Llegaron a la carnicería y de allí de vuelta a la casa, donde Martín y Valeria estaban en la misma posición que cuando ellos se habían ido, para desilucion de Maria.
Las chicas y Martín cocinaron, hablaron, comieron, rieron y mas, en cambio La Muerte solo se quedo sentado, en el almuerzo apenas probo la comida.
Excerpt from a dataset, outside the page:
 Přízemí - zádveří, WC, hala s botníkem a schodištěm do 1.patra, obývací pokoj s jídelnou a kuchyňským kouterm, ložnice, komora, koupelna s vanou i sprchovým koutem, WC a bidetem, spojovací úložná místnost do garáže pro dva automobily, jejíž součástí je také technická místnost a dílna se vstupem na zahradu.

Al terminar, Martín y Valeria siguieron hablando otro rato mas, Maria fue a lavar los platos y La Muerte siguió ahí, en el mismo lugar, mirando el viejo reloj colgado en la pared, mirando los minutos pasar, esperando que toda esa perdida de tiempo termine lo antes posible. Con demasiadas ansias, se levanto de la mesa pidiendo permiso para salir afuera a tomar algo de aire.
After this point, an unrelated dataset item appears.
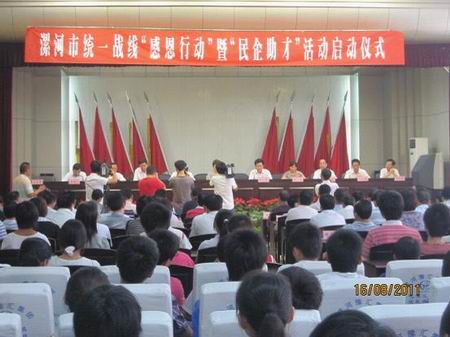漯河公司訊 8月16日,由漯河市工商聯、市總商會聯合在漯河市民營企業中發起的“民企助才”活動正式啟動。以科學發展觀為指導,以民企感恩社會、回報社會為主線,以打造工商聯工作品牌、支持貧困大學生成才為目標,活動旨在展示全市民營企業心系群眾、勇擔責任、無私奉獻新形象的同時,為漯河經濟社會發展再做新貢獻。

Martín lo miro de forma muy extraña, en el fondo sabia que era lo que le sucedía tal como sabia que no era discutible lo que debería estar haciendo.
Valeria: -estas bien?-
Martín: -que? si... es solo que recordé que tenia algo importante que hacer hoy-
Valeria: -de verdad?- *mirando hacia la puerta de entrada donde acababa de salir La Muerte* -tiene que ver con él, no?-
Martín: -si, algo así... discúlpame pero...-
Valeria: -no pienses mal de mi Martin, pero ese chico me da mala espina-
Martín: -que? por que decís eso?-
Valeria: -no lo se, su vestimenta, su actitud y forma de ser... desde cuando te juntas con esa clase de personas Martín?-
Martín: -que queres decir?-
Valeria: -me recuerda a Gustavo, alguien extraño con quien vos te juntaste-
Martín: -queres acusarme de algo? te aseguro que Eduardo y Gustavo son muy diferentes, Él es un amigo que esta de visita por la muerte de mi mamá y el otro es un tarado que solo Dios sabe donde esta!-
Valeria: -Martín, tranquilo, no quería...-
Martín: -no! esta bien, dejemoslo así...- *se levanta de su silla* -perdón pero de verdad tengo que irme-
Martín se dirije hacia la puerta de entrada y antes de salir le habla a su hermana.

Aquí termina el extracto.